Abul-Qasim Babur Mirza, a Timurid ruler in Khorasan, invaded other parts of the region in the winter of 1448–1449 that were held by the Timurids of Samarkand, led by Ulugh Beg. Abdul-Qasim Babur Mirza was victorious and ruled over the area until his death in 1457.

== Background ==
Babur Mirza was in possession of Jurjan and Mazandaran of Iran as well as Quchan in Khurasan in 1448 C.E. His brother Ala al-Dawla Mirza, after his defeat at the Battle of Tarnab, sought refuge with him at Quchan. Babur Mirza had been preparing for an invasion of Khurasan well before the invasion of Ulugh Beg in that region.

== Invasion ==
Babur waited until the winter of 1448 to make his move. Babur Mirza set out with his army towards Mashad which was abandoned by Abdal-Latif Mirza, who fled to join his father in Herat on the approach of his army. From there Babur marched towards Sarakhs.
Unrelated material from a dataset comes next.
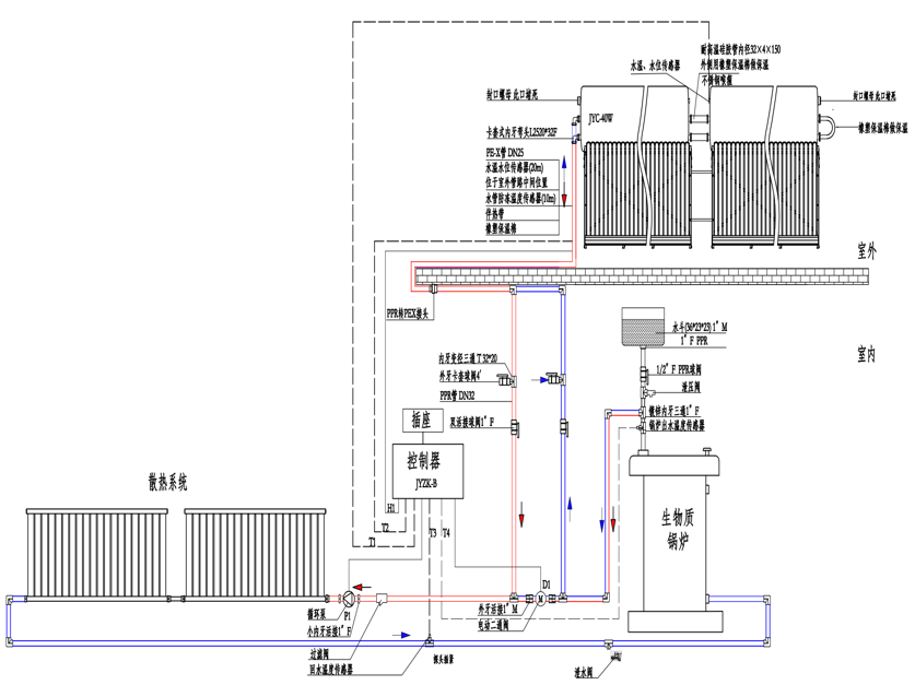 1.本戶用采暖系統(tǒng)系統(tǒng)由部分構成:光熱采暖機、生物質采暖爐、循環(huán)水泵、云控器及水路管線等。

Meanwhile, circumstances in Samarkand became serious while Ulugh Beg was away. The leader of the Uzbeks, Abul-Khayr Khan, had invaded Transoxiana and raided the suburbs of Samarkand. Ulugh Beg was at that time chasing after Ala al-Dawla Mirza and had reached Bistam and Pul-e-Ibrahim. With this invasion Ulugh Beg had no time to consolidate his control over Khurasan and he left for his beloved city of Samarkand with the body of Shahrukh Mirza leaving Abdal-Latif Mirza in charge of Herat.

On arrival at Sarakhs, Abul-Qasim Babur Mirza sent forces in two directions; one under the command of Khalil Hendugha in direction of Amu Darya to harass Ulugh Beg's forces and the other in direction of Herat. Hinduka attacked the baggage train of Ulugh Beg and captured Ibrahim, the son of Edigu-Timur (an Amir of Ulugh Beg). When Ulugh Beg was crossing the river Amu Darya, he was attacked and looted by the Uzbeks. He then rushed towards the city of Bukhara and stayed the winter there, and sent the body of Shahrukh Mirza ahead to Samarkand to be buried in Timur's mausoleum. Meanwhile, when the other forces of Abul-Qasim Babur Mirza moved towards Herat, Abdal-Latif Mirza abandoned the city and was crossed the Amu Darya when he received orders from Ulugh Beg to take his position in Balkh, which meant he could avoid seeing his father, whom Abdal-Latif Mirza faulted for not sending him reinforcements during the campaign.

After Abdal-Latif Mirza abandoned Herat, Yar Ali besieged the city and took it after three days. Finally, after 20 days, the army of Abul-Qasim Babur Mirza arrived and besieged the city yet again. Yar Ali was defeated and captured. He was immediately executed in the bazar of the city town center in February 1449. The city of Tūn was given over to Ala al-Dawla Mirza, but out of fear, jealousy or both, he had him arrested along with his son Ibrahim Mirza and imprisoned in Herat.

== Aftermath ==
The conquest of Khorasan in 1449 by Abul-Qasim Babur Mirza was decisive. Although, it was briefly taken by Sultan Muhammad Mirza, another brother of Abul-Qasim from Fars, in 1450; it remained in Abul-Qasim's hands until his death in 1457.